# What the task requires:
Within the lines below, the span from the line with "前回に引き続き… ステムの組み付け。 シビアになればなるほど決まらないので…" to the line with "мм – 2 штуки |", both ends included, is to be reproduced exactly, with pictures omitted.

# Records shown:
Content starts
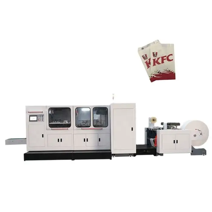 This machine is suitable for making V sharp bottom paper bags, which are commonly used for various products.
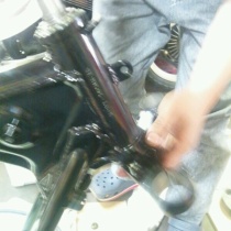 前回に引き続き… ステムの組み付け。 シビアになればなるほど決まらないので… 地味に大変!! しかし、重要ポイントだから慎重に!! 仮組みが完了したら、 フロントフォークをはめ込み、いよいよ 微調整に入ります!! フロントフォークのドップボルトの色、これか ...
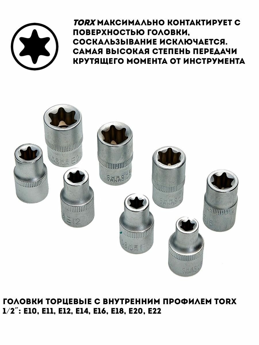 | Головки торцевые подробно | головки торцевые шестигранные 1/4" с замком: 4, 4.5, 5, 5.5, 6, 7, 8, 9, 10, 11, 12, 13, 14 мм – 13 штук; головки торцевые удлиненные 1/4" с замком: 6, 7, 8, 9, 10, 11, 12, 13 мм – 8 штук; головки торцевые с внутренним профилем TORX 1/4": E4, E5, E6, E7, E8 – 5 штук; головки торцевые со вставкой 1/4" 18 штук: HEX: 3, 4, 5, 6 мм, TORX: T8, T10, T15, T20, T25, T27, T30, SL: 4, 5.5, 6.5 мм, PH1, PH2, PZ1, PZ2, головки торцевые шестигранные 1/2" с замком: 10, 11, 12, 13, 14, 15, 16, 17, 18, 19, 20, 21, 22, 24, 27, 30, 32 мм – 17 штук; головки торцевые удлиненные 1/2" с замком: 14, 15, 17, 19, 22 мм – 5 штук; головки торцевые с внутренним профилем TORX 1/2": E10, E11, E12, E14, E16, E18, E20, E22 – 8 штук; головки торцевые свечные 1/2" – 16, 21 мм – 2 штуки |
Content ends
Content starts
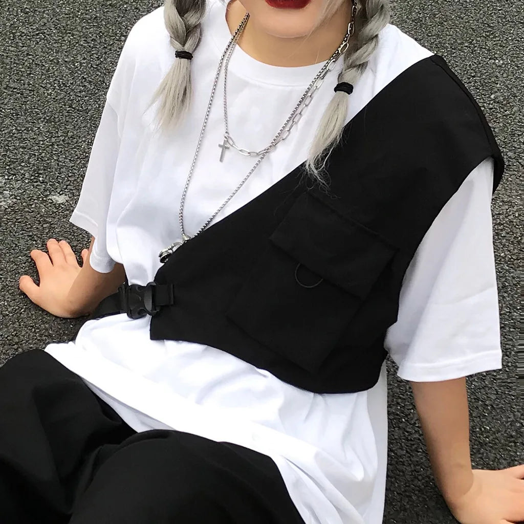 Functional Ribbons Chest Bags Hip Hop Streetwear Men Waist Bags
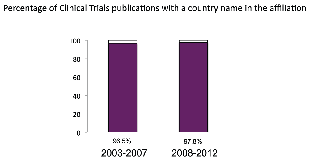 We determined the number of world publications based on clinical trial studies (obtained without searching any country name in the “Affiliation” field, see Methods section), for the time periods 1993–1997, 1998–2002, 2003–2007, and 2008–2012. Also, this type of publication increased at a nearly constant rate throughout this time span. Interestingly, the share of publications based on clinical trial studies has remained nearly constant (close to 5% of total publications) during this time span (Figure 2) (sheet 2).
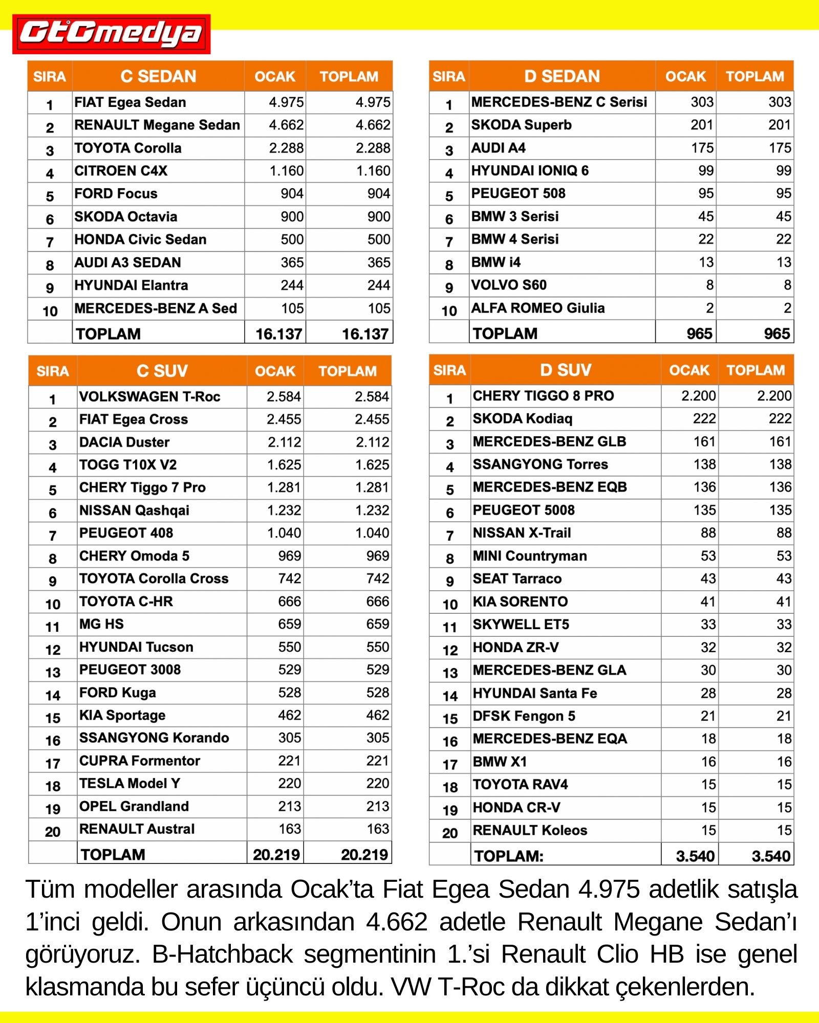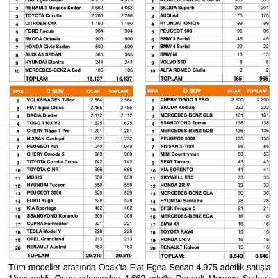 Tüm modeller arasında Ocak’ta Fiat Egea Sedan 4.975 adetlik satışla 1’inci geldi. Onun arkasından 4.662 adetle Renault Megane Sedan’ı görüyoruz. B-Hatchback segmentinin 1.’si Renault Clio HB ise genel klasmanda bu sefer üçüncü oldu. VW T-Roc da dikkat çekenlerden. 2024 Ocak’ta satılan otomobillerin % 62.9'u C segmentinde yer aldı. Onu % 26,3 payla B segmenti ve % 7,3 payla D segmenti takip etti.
Content ends
# Response:
 前回に引き続き… ステムの組み付け。 シビアになればなるほど決まらないので… 地味に大変!! しかし、重要ポイントだから慎重に!! 仮組みが完了したら、 フロントフォークをはめ込み、いよいよ 微調整に入ります!! フロントフォークのドップボルトの色、これか ...
 | Головки торцевые подробно | головки торцевые шестигранные 1/4" с замком: 4, 4.5, 5, 5.5, 6, 7, 8, 9, 10, 11, 12, 13, 14 мм – 13 штук; головки торцевые удлиненные 1/4" с замком: 6, 7, 8, 9, 10, 11, 12, 13 мм – 8 штук; головки торцевые с внутренним профилем TORX 1/4": E4, E5, E6, E7, E8 – 5 штук; головки торцевые со вставкой 1/4" 18 штук: HEX: 3, 4, 5, 6 мм, TORX: T8, T10, T15, T20, T25, T27, T30, SL: 4, 5.5, 6.5 мм, PH1, PH2, PZ1, PZ2, головки торцевые шестигранные 1/2" с замком: 10, 11, 12, 13, 14, 15, 16, 17, 18, 19, 20, 21, 22, 24, 27, 30, 32 мм – 17 штук; головки торцевые удлиненные 1/2" с замком: 14, 15, 17, 19, 22 мм – 5 штук; головки торцевые с внутренним профилем TORX 1/2": E10, E11, E12, E14, E16, E18, E20, E22 – 8 штук; головки торцевые свечные 1/2" – 16, 21 мм – 2 штуки |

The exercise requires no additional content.